综合设计——多源异构数据采集与融合应用综合实践
- 作业的基本信息
- 自己分工
  - 文心一言插件番剧信息获取功能
  - 多模态功能之图像目标识别与视频类别判别

综合设计——多源异构数据采集与融合应用综合实践

作业的基本信息

这个项目属于哪个课程	数据采集与融合技术
组名、项目简介	<组名、项目需求、项目目标、项目开展技术路线>
团队成员学号	<写上团队所有成员学号>
这个项目的目标	<写上具体方面>
其他参考文献	...

自己分工

文心一言插件番剧信息获取功能

通过爬虫爬取相关番剧网站的番剧更新信息，并结合百度千帆的ERNIE-Bot大模型对文本进行处理。
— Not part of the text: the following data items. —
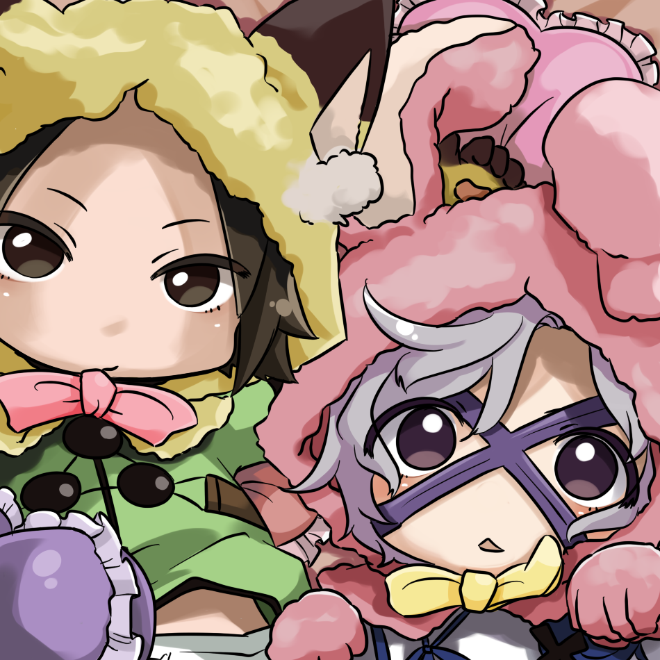 2boys animal_ear_hood animal_ears brown_eyes brown_hair chibi chibi_only eye_mask fake_animal_ears grey_hair hood looking_at_viewer male_focus mask mouri_motonari_(sengoku_basara) multiple_boys open_mouth purple_eyes purple_mask purutonppp rabbit_ears sengoku_basara takenaka_hanbee_(sengoku_basara) triangle_mouth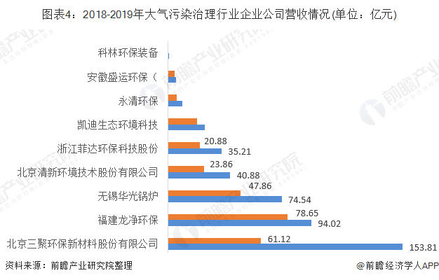 大氣污染治理行業(yè)的周期性、區(qū)域性、季節(jié)性等特征使得行業(yè)內(nèi)企業(yè)發(fā)展同樣具有一定的波動性和區(qū)域性特征。2018-2019年,大氣污染治理企業(yè)中,北京三聚環(huán)保、福建龍凈環(huán)保和無錫華光鍋爐三家企業(yè)營收遠高于其他同行企業(yè)。2018年,北京三聚環(huán)保以153.81億元的營業(yè)收入排名第一;福建龍凈環(huán)保則以94.02億元的營收屈居第二,無錫華光鍋爐以74.54億元位列第三。2019年前三季度,福建龍凈環(huán)保以78.65億元超過北京三聚環(huán)保位列第一,北京三聚環(huán)保以61.12億元屈居第二。
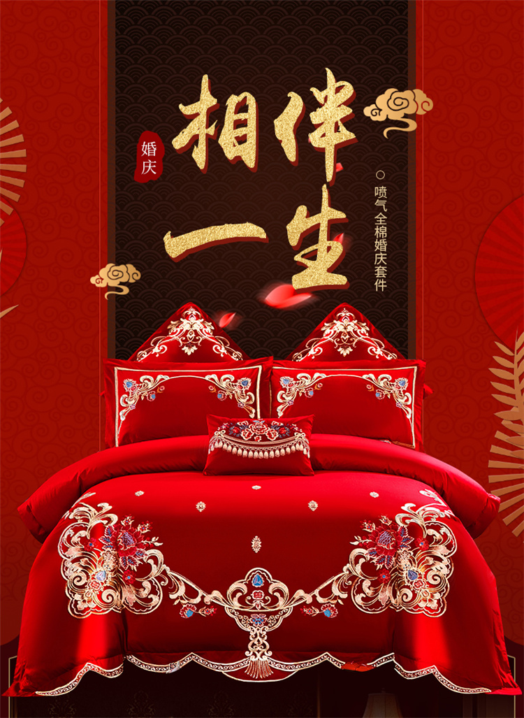 千禧婚庆专供 2019喷气全棉婚庆四件套多件套 相伴一生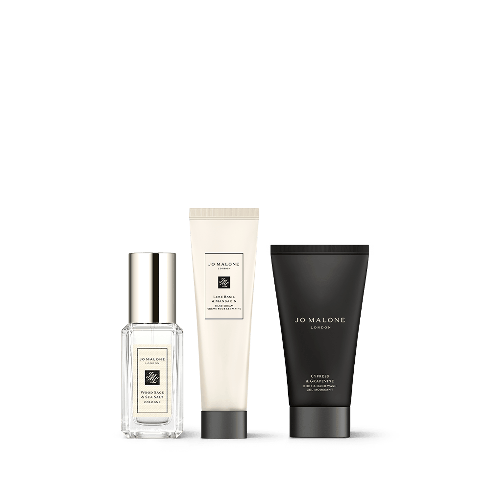 จัดโต๊ะสำหรับงานเลี้ยงเทศกาลด้วยคริสต์มาสแคร็กเกอร์ตกแต่งและเต็มไปด้วยกลิ่นหอม ประกอบด้วยสามกลิ่นมินิ: Wood Sage & Sea Salt Cologne (9ml), Lime Basil & Mandarin Hand Cream (15ml) Cypress & Grapevine Body & Hand Wash (30ml).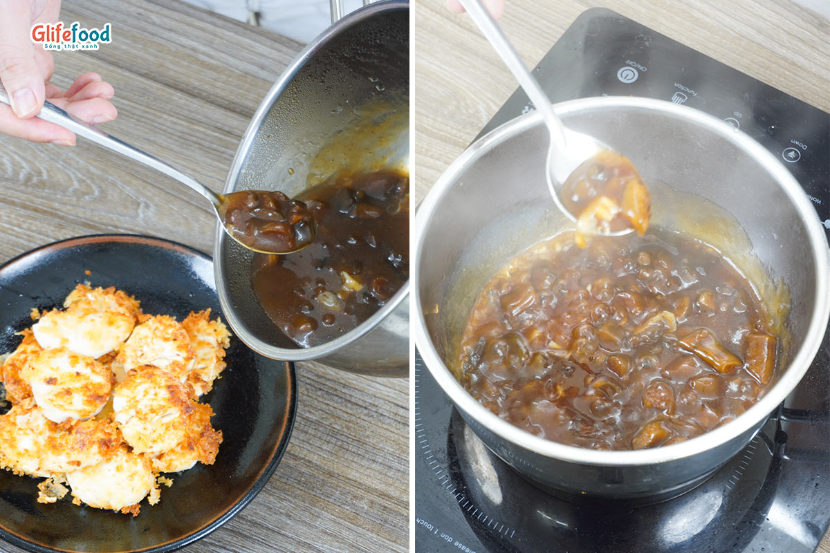 Sau đó cho 1/2 bát nước vào và nêm nếm gia vị (3 muỗng canh nước tương, 2 thìa hạt nêm, 2 thìa cf đường). Đợi nước sôi thì thêm 1 muỗng canh bột bắp pha loãng. Sốt sệt lại thì tắt bếp.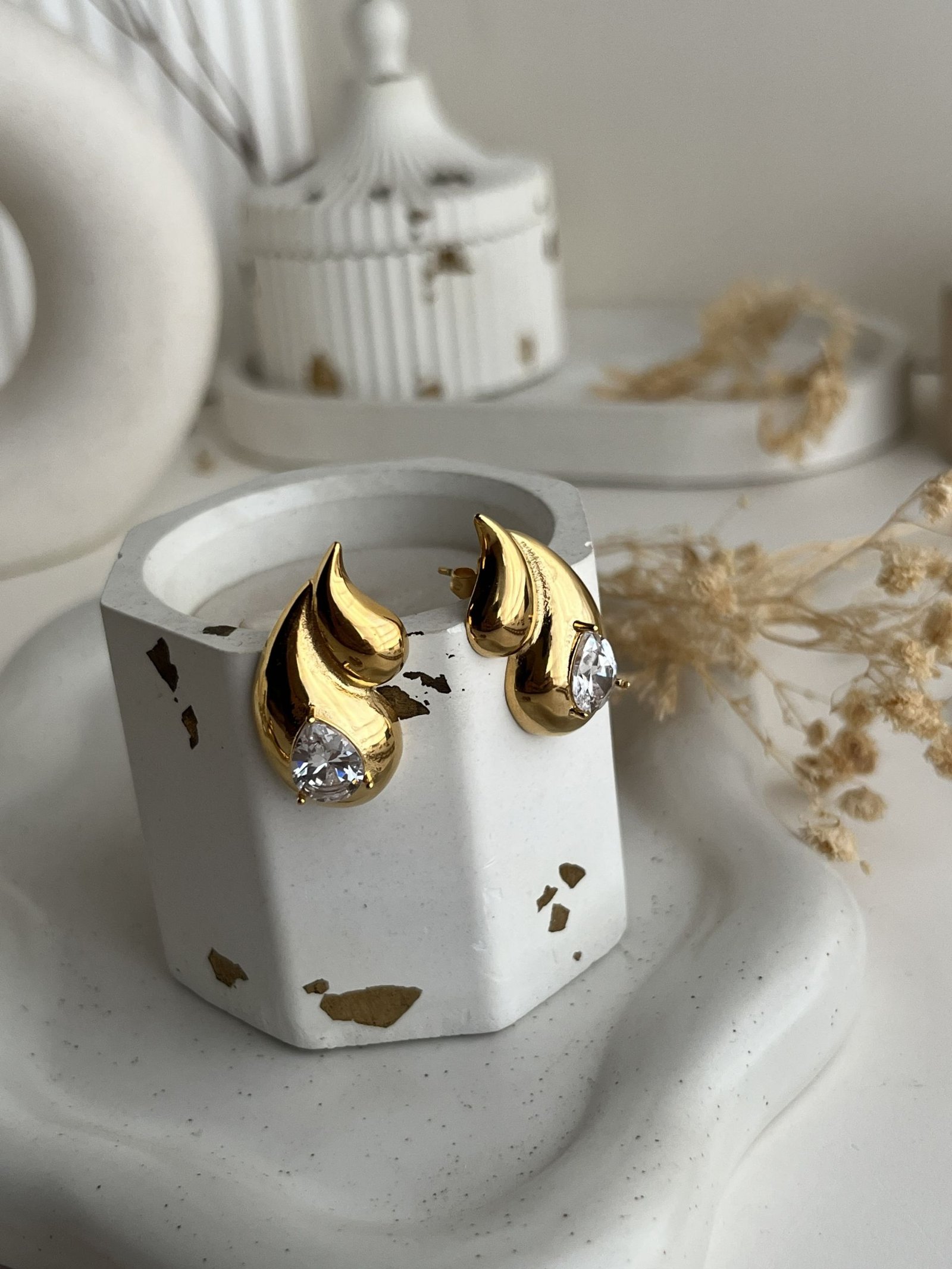 These wing-inspired stud earrings feature a flowing twin-curve form paired with a polished gold-tone surface and a central cubic zirconia accent that adds refined brilliance. Designed with smooth contours for comfortable wear, they style effortlessly with both casual outfits and elevated looks, while the titanium stainless steel base provides lasting durability, tarnish resistance, and long-term shine for regular use.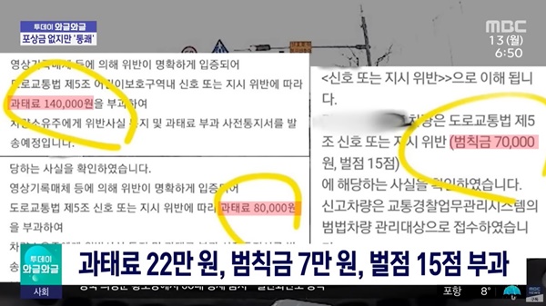 신고 처리 결과서를 보면, 해당 견인차는 과태료 22만 원에, 범칙금 7만 원, 또, 벌점 15점을 부과받았다.
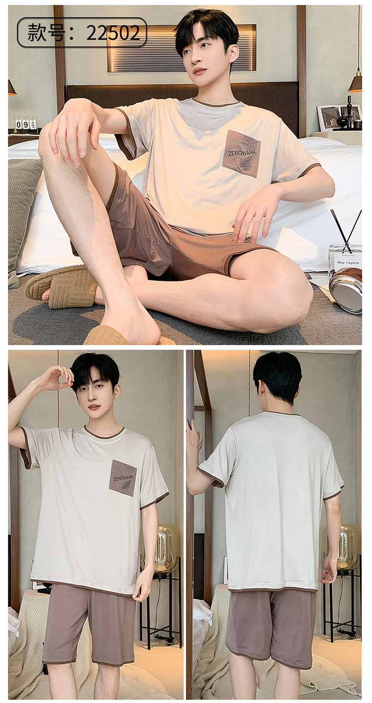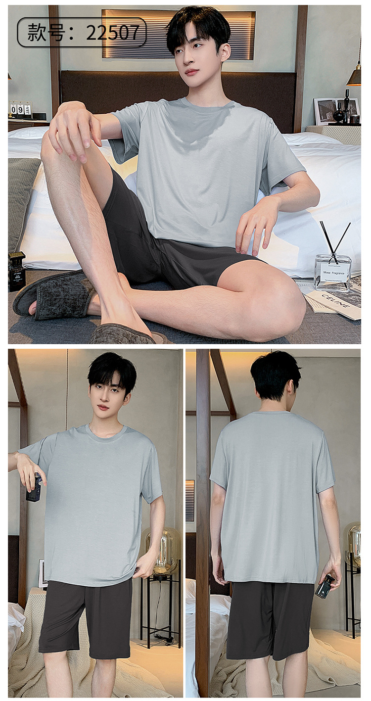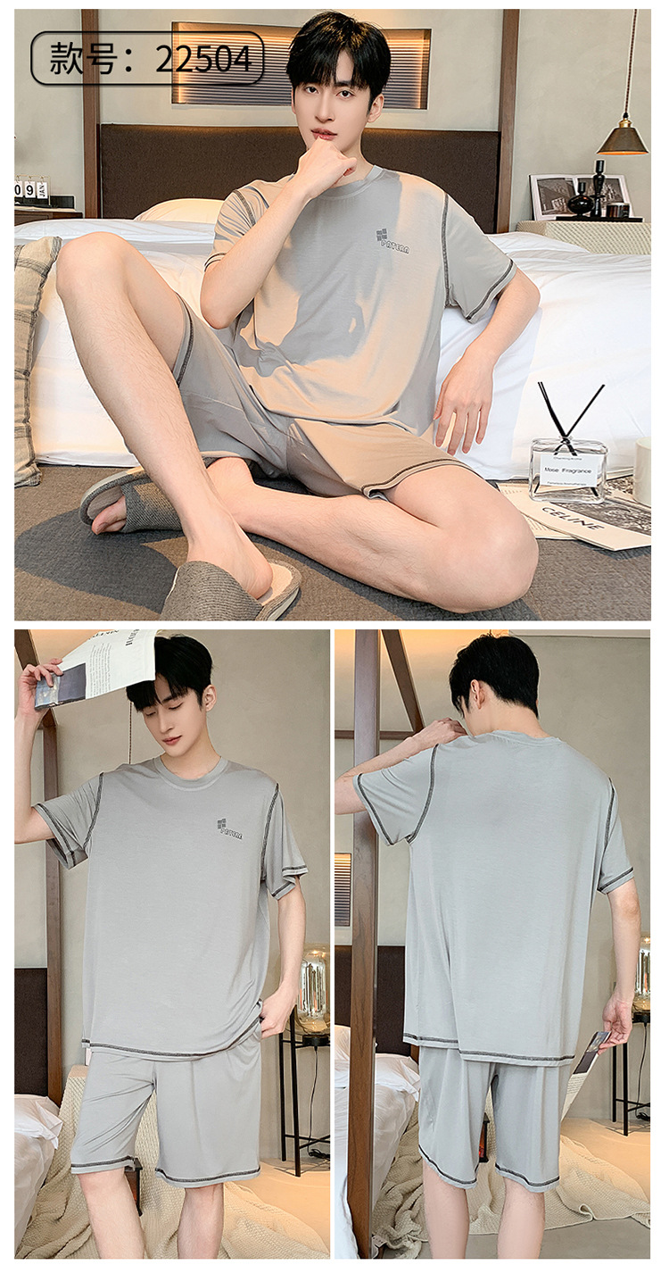 잠옷 남자 2024 새 여름 모달 반팔 반바지 얇은 여름 플러스 사이즈 캐주얼 홈웨어 세트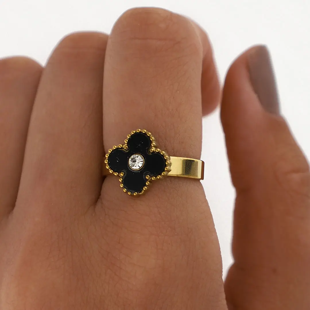 ANILLO TREBOL ACERO DORADO
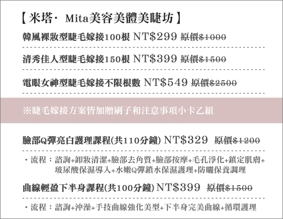 商品訊息簡述: 只要299元起即可體驗【米塔·Mita美容美體美睫坊】原價最高2500元SPA/美睫課程:(A)韓風裸妝型睫毛嫁接100根/(B)清秀佳人型睫毛嫁接150根/(C)電眼女神型睫毛嫁接不限根數/(D)臉部Q彈亮白護理課程/(E)曲線輕盈下半身課程,睫毛嫁接方案皆加贈刷子和注意事項小卡乙組。

进而为用户提供最新的番剧更新信息，使文心一言对数据信息的获取更具有实时性。
其中，爬取番剧的信息采用的是抓包的方式，具体如下：

import requests

def get_today_anime_info():
    url = "https://api.bilibili.com/pgc/web/timeline?types=1&before=6&after=6"
    headers = {
        "User-Agent": "Mozilla/5.0 (Windows NT 10.0; Win64; x64) AppleWebKit/537.36 (KHTML, like Gecko) Chrome/117.0.0.0 Safari/537.36 Edg/117.0.2045.31"
    }
    response = requests.get(url=url, headers=headers)
    data_json = response.json()

    today_anime_info = ""
    # 爬取当天的新番
    for day_dic in data_json["result"]:
        if day_dic["is_today"] == 1:
            for episode in day_dic["episodes"]:
                title = episode["title"]
                pub_index = episode["pub_index"]
                pub_time = episode["pub_time"]
                today_anime_info += f"番剧名：{title}, 更新进度：{pub_index}, 更新时间：{pub_time}\n"
    return today_anime_info

Gitee文件夹链接：
https://gitee.com/zheng-wanling/crawl_project/blob/master/综合设计——多源异构数据采集与融合应用综合实践/shiwen_fzu.zip

多模态功能之图像目标识别与视频类别判别

首先先对相关数据集进行训练，使模型可以识别20类的目标，然后再对模型进行进一步的拓展。
其中，第一次训练的20类模型具体如下：

dict = {1:'aeroplane',    2:'bicycle', 3:'bird',   4:'boat',       5:'bottle',
        6:'bus',          7:'car',     8:'cat',    9:'chair',      10:'cow',
        11:'diningTable', 12:'dog',    13:'horse', 14:'motorbike', 15:'person',
        16:'pottedPlant', 17:'sheep',  18:'sofa',  19:'train',     20:'TV'}

对数据集进行预处理：

# TensorFlow session
gpu_options = tf.GPUOptions(allow_growth=True)
config = tf.ConfigProto(log_device_placement=False, gpu_options=gpu_options)
isess = tf.InteractiveSession(config=config)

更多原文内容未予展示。